MSTR Stock Card Strategy Inc, MSTR

Concurrently, the company’s cash holdings have declined 38% since January. Strategy also executed a $1.5 billion buyback of its 0% convertible senior notes maturing in 2029, further depleting available liquidity.

The outcome: dividend coverage has plummeted from exceeding seven years at the start of 2026 to a mere 14 months currently.

Liquidity Dilemma

Moreno calculates that Strategy requires approximately $2.8 billion in cash reserves to reestablish a more sustainable 24-month dividend coverage buffer—essentially double its current holdings.

Liquidating bitcoin holdings to achieve this target presents its own complications. Strategy currently carries an aggregate unrealized bitcoin loss approaching $10.6 billion. Every bitcoin acquisition made throughout 2024, 2025, and 2026 remains below cost basis.

“Any forced Bitcoin sale at current prices would crystallize these losses at scale and destroy shareholder value,” Moreno wrote.

This creates a strategic bind: the company cannot easily liquidate bitcoin assets, yet continuing to issue preferred stock without adequate cash backing proves equally problematic.

STRC dividends accumulate, meaning suspension of payments merely defers rather than eliminates the obligation. Moreno believes suspension remains improbable given the reputational damage it would inflict.

Moreno’s Strategic Recommendations

Beyond freezing purchases, Moreno proposed two additional measures.
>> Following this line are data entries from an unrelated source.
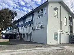 Some changes to the surviving 1950s buildings have been made. Alterations to Block E were made in 1988–9 reconfiguring the upper level layout to three classrooms and converting the then science laboratories to general classrooms, and refurbishing the ground floor drama room (former student recreation area).[76][77][78][79] In 2001 the lower level of Block E was reconfigured for a multi-media room.[80] Changes to Block B in 2001 included creation of computer labs (former commercial room and classroom) on the upper level, new aluminium windows, and the replacement of two doors. In 2012 a concrete switchback ramp for disabled access was added in the NE corner of Block B.[80][81] The brick walls and concrete plinths of the lower levels of both Blocks B and E have been painted.[1]
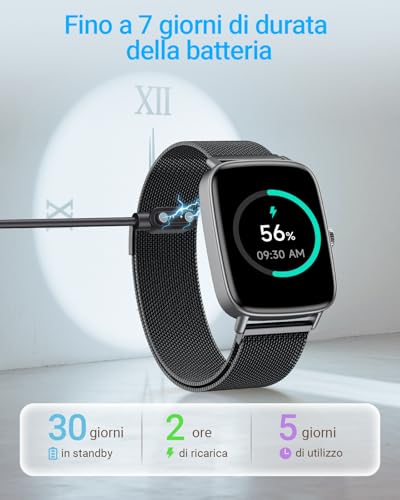 L'autonomia è un aspetto cruciale per uno smartwatch. I produttori dichiarano spesso fino a 7 giorni di utilizzo con una singola carica e circa 30 giorni in standby. Nell'uso reale, con notifiche attive e monitoraggio della salute costante, è più realistico aspettarsi un'autonomia di 3-5 giorni, che resta comunque un buon risultato. La ricarica completa avviene in circa due ore. La certificazione di impermeabilità (solitamente IP67 o IP68) garantisce la resistenza a sudore, pioggia e immersioni accidentali, come durante il lavaggio delle mani o una doccia. È comunque sconsigliato l'uso in acqua calda, saune o per immersioni prolungate.
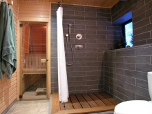 Cabinele de duș pot fi din gresie sau din vinil. Se pot folosi elemente care sunt țesute din bambus și viță de vie. Acestea vor face ca încăperea să arate mai elegantă și mai confortabilă și vor emite un parfum interesant atunci când sunt încălzite.
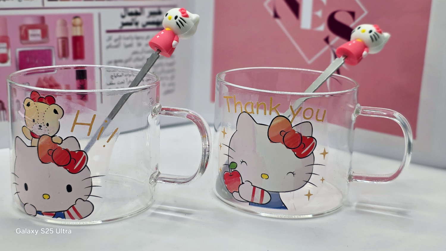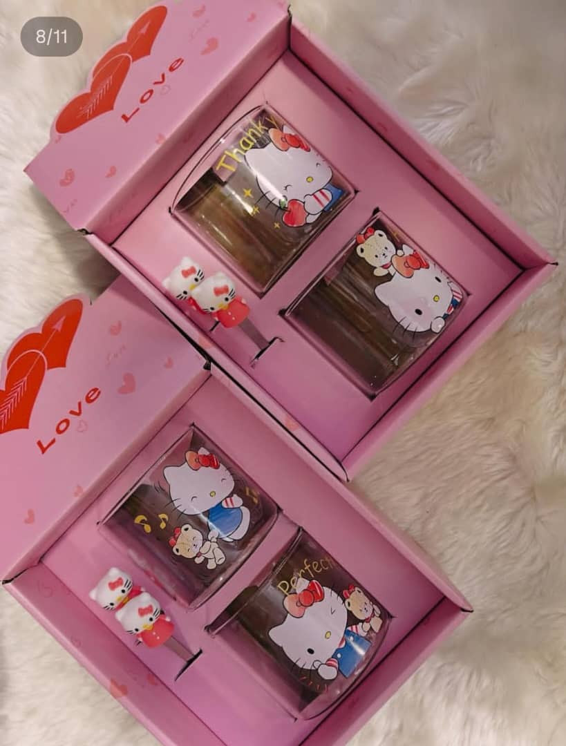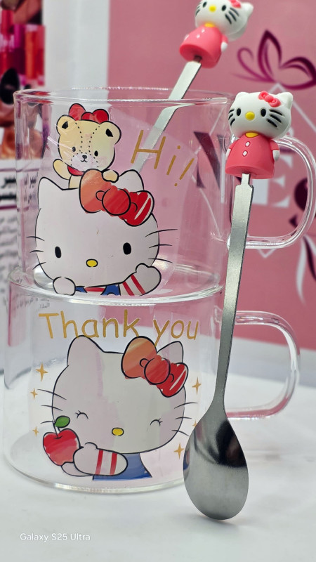 طـقم مـتكامل يـأتي فـي بـوكس يحتوي عـلى كـوبين مـن الـزجاج الـفاخر مـع مـلاعق كـيتي الـلطيفة

He advocates for Strategy to implement a data-driven methodology for timing bitcoin acquisitions rather than purchasing opportunistically whenever capital becomes available.

“‘Strategy always buys the local top’ has become a genuine market meme,” he wrote.

He further recommends the company establish protocols for strategic bitcoin sales during future bull cycles—an approach Strategy has never executed at meaningful scale—to realize profits and replenish cash reserves.

JPMorgan analysts raised comparable concerns earlier this month following Strategy’s sale of 32 bitcoin, a transaction that “spooked” markets despite its minimal scale.

Strategy retains options including raising its 11.5% STRC dividend yield or issuing MSTR common stock to demonstrate dividend-paying capacity. Moreno recognizes both mechanisms remain available but cautioned: “the path back to $100 is not straightforward.”